Martin is no stranger to Oscar voters, having won two statuettes in 2002 for her Moulin Rouge!costumes and set decor. In The Great Gatsby, her fourth film wit husband-director Baz Lurhmann, she mainlines fresh blood into F. Scott Fitzgerald‘s literary autopsy of the empty emotional lives of Long Island’s wealthy elite during the gin-soaked Prohibition era. Thanks to Martin, who again did double set and costume design duty, the film’s parties in Gatsby’s East Egg mansion are ocular orgies set to the music of Jay Z, Beyonce and Andre 3000. But Martin’s aesthetic also remains unerringly true to Fitzgerald’s period, including body-conscious gowns, assymetrical hemlines and iridescent satins.

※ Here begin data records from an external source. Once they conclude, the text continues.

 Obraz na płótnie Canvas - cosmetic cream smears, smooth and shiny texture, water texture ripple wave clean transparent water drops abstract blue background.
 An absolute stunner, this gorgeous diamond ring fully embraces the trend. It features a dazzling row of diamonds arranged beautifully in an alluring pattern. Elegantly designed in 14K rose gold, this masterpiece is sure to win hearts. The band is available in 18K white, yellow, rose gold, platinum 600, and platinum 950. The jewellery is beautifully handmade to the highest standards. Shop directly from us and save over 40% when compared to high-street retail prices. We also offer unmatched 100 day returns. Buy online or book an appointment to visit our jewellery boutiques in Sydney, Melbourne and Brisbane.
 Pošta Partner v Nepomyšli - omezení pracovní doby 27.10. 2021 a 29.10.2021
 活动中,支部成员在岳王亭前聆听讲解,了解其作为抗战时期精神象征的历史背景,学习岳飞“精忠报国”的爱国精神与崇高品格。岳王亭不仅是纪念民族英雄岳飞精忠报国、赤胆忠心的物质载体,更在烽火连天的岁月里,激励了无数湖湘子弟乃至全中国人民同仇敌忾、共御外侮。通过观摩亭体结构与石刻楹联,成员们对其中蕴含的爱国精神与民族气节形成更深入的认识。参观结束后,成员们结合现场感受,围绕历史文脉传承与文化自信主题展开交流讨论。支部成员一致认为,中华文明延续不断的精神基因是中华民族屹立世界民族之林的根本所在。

Like many other costume designers, Martin is prone to putting hidden touches in costumes, details moviegoers won’t see but that give the actor insight into the character. To that end, she added a skull-and-bones silk lining to one of to-the-manor-born Tom Buchanan’s (Joel Edgerton) suits. The lining references his character’s Yale days and The Order of the Skull and Bones, the university’s elitist secret society, founded in 1832.

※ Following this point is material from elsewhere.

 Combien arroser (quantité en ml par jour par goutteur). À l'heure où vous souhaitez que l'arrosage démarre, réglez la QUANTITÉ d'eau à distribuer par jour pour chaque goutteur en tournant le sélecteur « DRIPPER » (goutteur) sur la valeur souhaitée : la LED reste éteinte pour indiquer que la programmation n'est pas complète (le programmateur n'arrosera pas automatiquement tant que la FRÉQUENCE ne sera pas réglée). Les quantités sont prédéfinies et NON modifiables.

Martin prepares far in advance. “We were doing a 3D test for the movie with Leo [DiCaprio] andTobey [Maguire] about 18 months before we actually shot the movie, even before we got greenlit,” she recalls. One of the film’s key pieces is the suit worn by DiCaprio’s Gatsby during his final confrontation with Tom. “That suit is a character in itself,” she says. “Tom tries to undercut Gatsby’s position by implying that he’s nouveau riche and he mentions the pink suit disparagingly,” says Martin. “Brooks Brothers was actually making pink seersucker suits in the early ’20s.” She admits: “I don’t know whether Leo was that thrilled about having to wear a pink suit. But I think it’s an instrumental part of reflecting the intense romanticism that lives inside Gatsby’s heart.”